Task description:
Reproduce the listing in full, exactly as written, but without images.

Data below:

▼▼▼

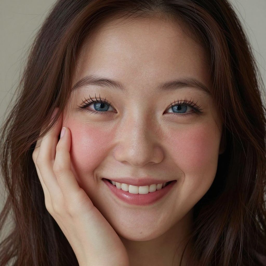 Photograph of a young Asian woman with fair skin, blue eyes, and long, wavy dark brown hair. She smiles gently, showing straight white teeth. Her right hand gently touches her cheek, highlighting her soft pink blush. She has long, dark eyelashes and light pink lips. The background is a plain, light gray, which makes her face the focal point. The image has a natural, soft lighting that enhances her youthful and fresh appearance. Her expression is warm and friendly.
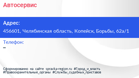 Автосервис по адресу 456601, Челябинская область, Копейск, Борьбы, 62а/1 в дальнейшем Организация, размещена в следующих категориях:
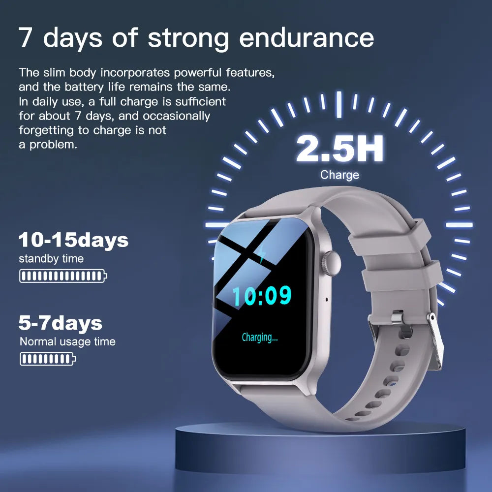 Our smartwatch is equipped with the latest low-power technology, providing up to 7 days of battery life on a single charge. This means you can go about your week without worrying about recharging, whether you're in the middle of a busy workday or on a weekend getaway.
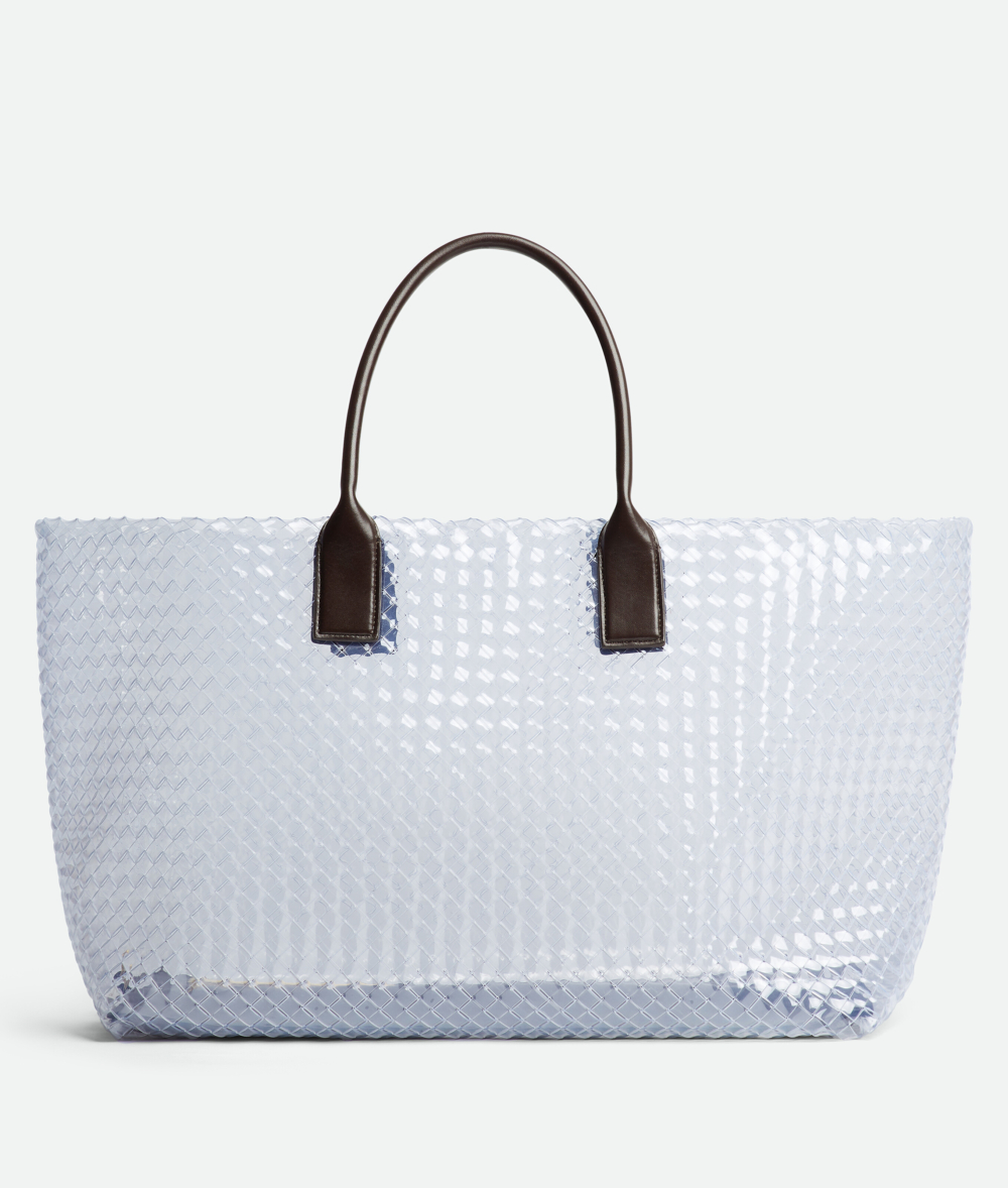Bottega Veneta的經典包款之一Cabat,是法語中的竹籃意思,本季全新Large Cabat Tote Bag,同樣採用編織元素,換上柔軟透明的矽膠材質,包身由義大利製造,精緻程度令人印象深刻。手袋配有可拆卸內部拉鍊口袋,搭配黑色小羊皮製成的手提把及底部。HK$79,000

▲▲▲

Problem solution:
 Photograph of a young Asian woman with fair skin, blue eyes, and long, wavy dark brown hair. She smiles gently, showing straight white teeth. Her right hand gently touches her cheek, highlighting her soft pink blush. She has long, dark eyelashes and light pink lips. The background is a plain, light gray, which makes her face the focal point. The image has a natural, soft lighting that enhances her youthful and fresh appearance. Her expression is warm and friendly.
 Автосервис по адресу 456601, Челябинская область, Копейск, Борьбы, 62а/1 в дальнейшем Организация, размещена в следующих категориях:
 Our smartwatch is equipped with the latest low-power technology, providing up to 7 days of battery life on a single charge. This means you can go about your week without worrying about recharging, whether you're in the middle of a busy workday or on a weekend getaway.
Bottega Veneta的經典包款之一Cabat,是法語中的竹籃意思,本季全新Large Cabat Tote Bag,同樣採用編織元素,換上柔軟透明的矽膠材質,包身由義大利製造,精緻程度令人印象深刻。手袋配有可拆卸內部拉鍊口袋,搭配黑色小羊皮製成的手提把及底部。HK$79,000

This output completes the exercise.